La detección de anticuerpos es importante en medicina para detectar enfermedades, ya que los anticuerpos son proteínas grandes que pueden detectar virus y bacterias. La detección de anticuerpos se lleva a cabo en laboratorios y en el campo para examinar los enlaces de anticuerpos y antígenos e identificar un anticuerpo por su cambio de color particular cuando una molécula de sustrato que reacciona con una enzima se une a él mientras todavía está unida al antígeno. La prueba de detección se conoce como ensayo inmunoabsorbente ligado a enzimas (ELISA). Antes del desarrollo de ELISA, los únicos ensayos eran radioinmunoensayos que identificaban anticuerpos por su radiactividad específica en la década de 1960. A principios de la década de 1970 se vio el desarrollo de varias técnicas de ELISA para identificar anticuerpos específicos.
La técnica de detección de anticuerpos ELISA de sándwich indirecto prepara una solución tamponada que contiene un antígeno de la enfermedad y la une a una placa de plástico. Luego, se introduce un anticuerpo primario de un paciente para unirse con el antígeno. A continuación, se introduce un anticuerpo secundario con una enzima unida y se agrega un sustrato para la enzima. Esto provoca una reacción que cambia el color de la enzima, lo que indica que los dos anticuerpos se han unido, si el anticuerpo del paciente es positivo para ese antígeno de la enfermedad. La intensidad del cambio de color indica la cantidad de enfermedad que ha detectado el anticuerpo; esta intensidad del color se mide luego cuantitativamente mediante un espectrómetro.
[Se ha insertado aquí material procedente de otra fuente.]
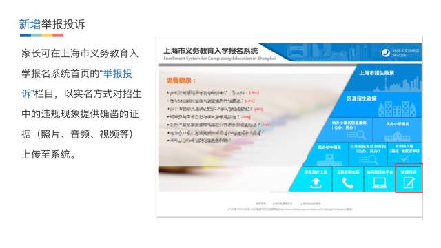 今年“上海市義務(wù)教育入學(xué)報名系統(tǒng)”開辟實(shí)名“舉報投訴”通道,發(fā)現(xiàn)有違規(guī)情節(jié)的,學(xué)生和家長可對招生中的違規(guī)現(xiàn)象提供確鑿的證據(jù)(照片、音頻、視頻等),進(jìn)行實(shí)名舉報。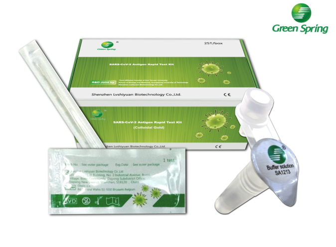 Produktbeschreibung: Der Green Spring Antigen Schnelltest (Colloidal Gold). Lateral-Flow-Immunoassay zum qualitativen Nachweis von Nucleocapsid-Protein-Antigen mit sanftem Nasenabstrich im vorderen Bereich. Desgleichen auch als Spucktest nutzbar, ebenso auch als Rachentest einsetzbar und als Lollitest. Also 4 in 1 ✓ BfArM zugelassen!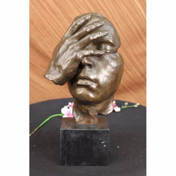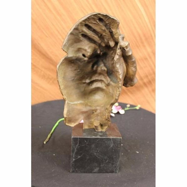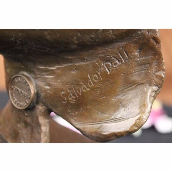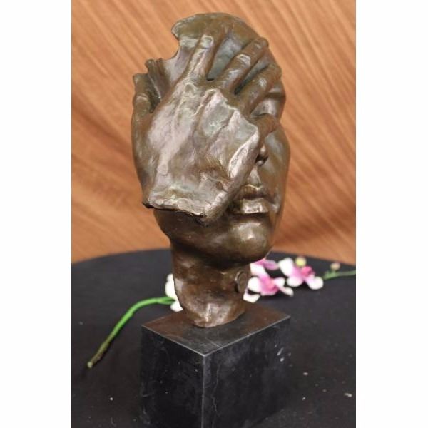 This unique abstract of a man putting hisright hand up against his face gently as heseem tobe in pain. He has his eyes close as if he could have a bad headache, he has no head its more of a creative way of making a modern sculpture. This would be the perfect gift for anyone who likes amazing and creative pieces. The hand and face has amazing details in each line and cut on it, giving it a even better and more outstanding look. This sculpture was casted using the ancient "Lost Wax Method" usingtwotone brownpatina. Mounted atop a black marble base, signed Salvador Dali. Condition: This sculpture is in perfect condition. Bronze Dimensions with Marble Base:Height 17" X Width 9" Marble Dimensions: 5" X 4" Height without base: 12" Weight : 15 LBS Inventory:61X21214516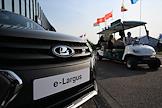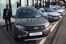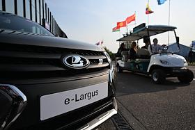 XXVI Петербургский международный экономический форум (ПМЭФ) 2023 в конгрессно-выставочном центре (КВЦ) "Экспофорум". Жанровая фотография. Автомобиль бренда LADA ("Лада") АО "АВТОВАЗ" - электромобиль LADA e-Largus.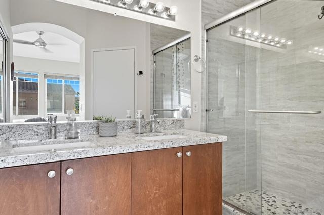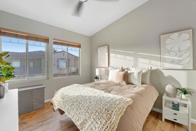 Refreshed and move-in ready! This END UNIT townhome in Ivy Hill at Scripps Ranch Villages features vaulted ceilings, engineered hardwood floors, and an updated kitchen with granite counters, warm wood cabinets, and a breakfast bar. Enjoy a private balcony, refreshed baths with granite counters, and a primary suite with updated walk-in shower and walk-in closet. Additional perks include brand new A/C, newer water heater (2024), ceiling fans, attached 2-car garage with washer/dryer. Community offers pool, spa, and playground in a prime Scripps Ranch location., close to shopping and restaurants.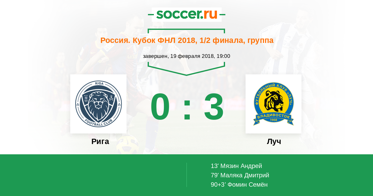 Протокол матча Рига против Луч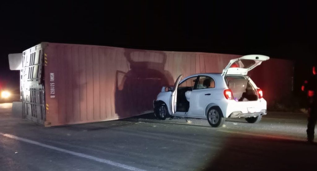 Tula, Tamaulipas.- Derivado del desprendimiento y volcadura de un contenedor, la circulación de sur a norte se encuentra cerrada en el kilómetro 12 de la carretera federal 101, del tramo Tula-San Luis Potosí.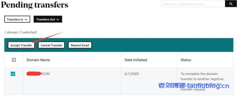 如果你想要加速域名迁移,可以返回到Godaddy,进入页面 https://dcc.godaddy.com/transfers/out ,勾选你正在迁出的域名(一般10-30分钟会显示),然后点击立即迁出,就会提示你:“Transfer Out Successful!Your request has been submitted. Changes may take 15 minutes to take effect.”大概15-120分钟以内,域名就迁移完毕!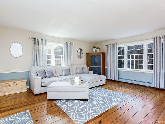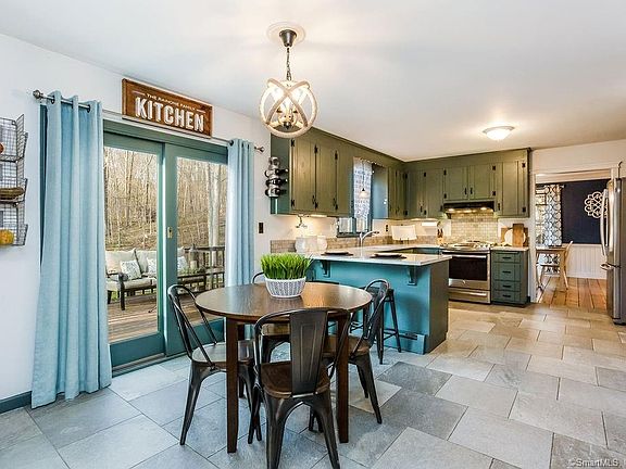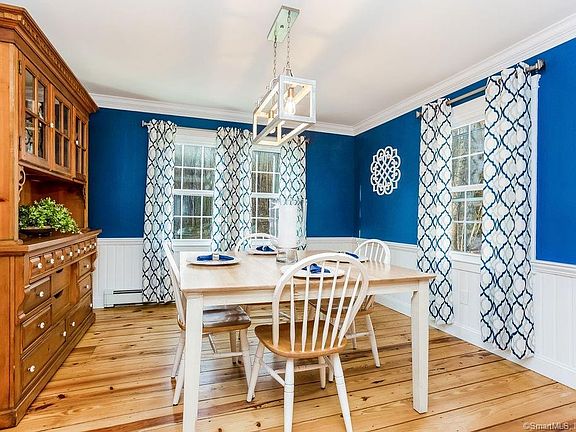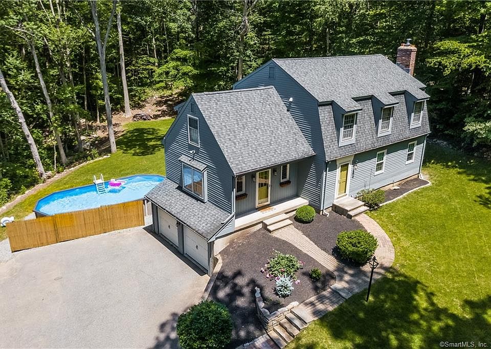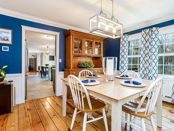 Stylish and Farmhouse dreamy best describes this picture perfect home in the heart of Hebron! This beautifully updated home is on 2 sprivate acres. The owners have done extensive work to the yard to expand it while still maintaining complete privacy. Situated so close to the town center this home is Location perfect too. Stylish updated eat-in kitchen with white quartz counters, breakfast bar, subway tile backsplash, stainless appliances and slider to the deck and huge outdoor entertaining space overlooking the newly added pool! Perfect for this summer! The first floor also features a spacious formal dining room with newly added crown molding, chair rail and beadboard paneling, a formal living room with wide board wood floors, new wood burning stove insert in the brick fireplace and newly added crown molding. The home welcomes you into the large sun-drenched family room with wide board wood floors. Gorgeous spacious half bath and laundry room. The second floor features a large master suite with two spacious closets and a private bath with tile surround walk in shower. 3 additional generously sized bedrooms and a full bath - great storage space too! The partially finished lower level features built-ins and adds approx. 264 additional square feet. Aside from the huge large expansion project and pool addition; the owners have added new CAIR! And a new Heat Pump. Electrical upgrade to 400amp with underground utilities, Gas stove for cooking, 7 new triple glazed windows!
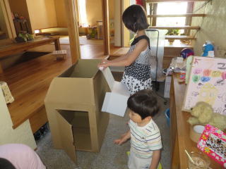 とりあえず眠いので寝ます2013年5月12日 お姉ちゃんとお父さんは、段ボールで何を作っているのかなぁ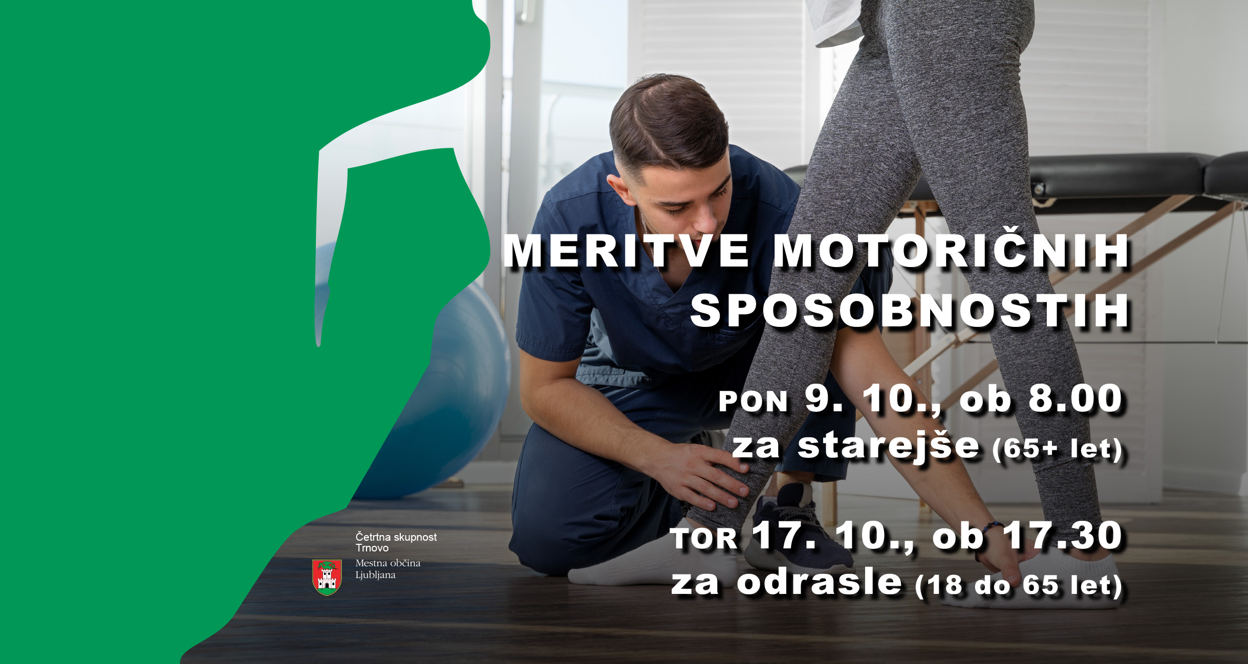 Četrtna skupnost Trnovo vabi na brezplačne meritve motoričnih sposobnosti za odrasle in starejše, ki jih bodo izvajali v ŠD trnovo.

Otra técnica de ELISA buena cuando las muestras de los pacientes son crudas o impuras es el ELISA competitivo, cuando se incuba un anticuerpo sin marcar con la muestra de antígeno del paciente. El complejo anticuerpo / antígeno unido se lava de modo que se elimine el anticuerpo no unido y se introduce un anticuerpo secundario acoplado con una enzima específica del anticuerpo primario para que se una al antígeno. Con la adición de un sustrato a la enzima, si el anticuerpo detecta la enfermedad, la enzima producirá propiedades cromogénicas o fluorescentes como señal. Una prueba de campo utilizada por médicos israelíes utiliza un tubo de ensayo lleno de fragmentos de proteínas y anticuerpos y la introducción de un líquido azul. Si el líquido azul se vuelve rojo en diez minutos, el anticuerpo para esa enfermedad en particular reconoce el antígeno particular en el tubo de ensayo.
En las zonas de países en desarrollo de difícil acceso, los laboratorios no son fácilmente accesibles. Se han vendido muchos kits comerciales de detección de anticuerpos para que los profesionales de la salud realicen pruebas de tuberculosis, en particular, tuberculosis relacionada con el virus de inmunodeficiencia humana y pediátrica / síndrome de autoinmunidad (VIH / SIDA). Un estudio que comprende 68 estudios específicos encontró que estos kits no eran tan confiables como la microscopía de frotis de esputo.
La malaria es otra enfermedad para la que la detección de anticuerpos utiliza un procedimiento de prueba de anticuerpos fluorescentes. Este procedimiento es bueno para la detección de donantes de sangre, ya que es posible que la malaria inducida por transfusiones no se refleje en un simple examen de frotis de sangre. Si un paciente muestra repetidas muestras de sangre negativas, pero presenta una fuerte sintomatología de la enfermedad, la prueba del marcador fluorescente puede revelarlo. Cuando se examinan con un microscopio, los anticuerpos contra la malaria a menudo muestran un color verde manzana que es positivo para el parásito de la malaria.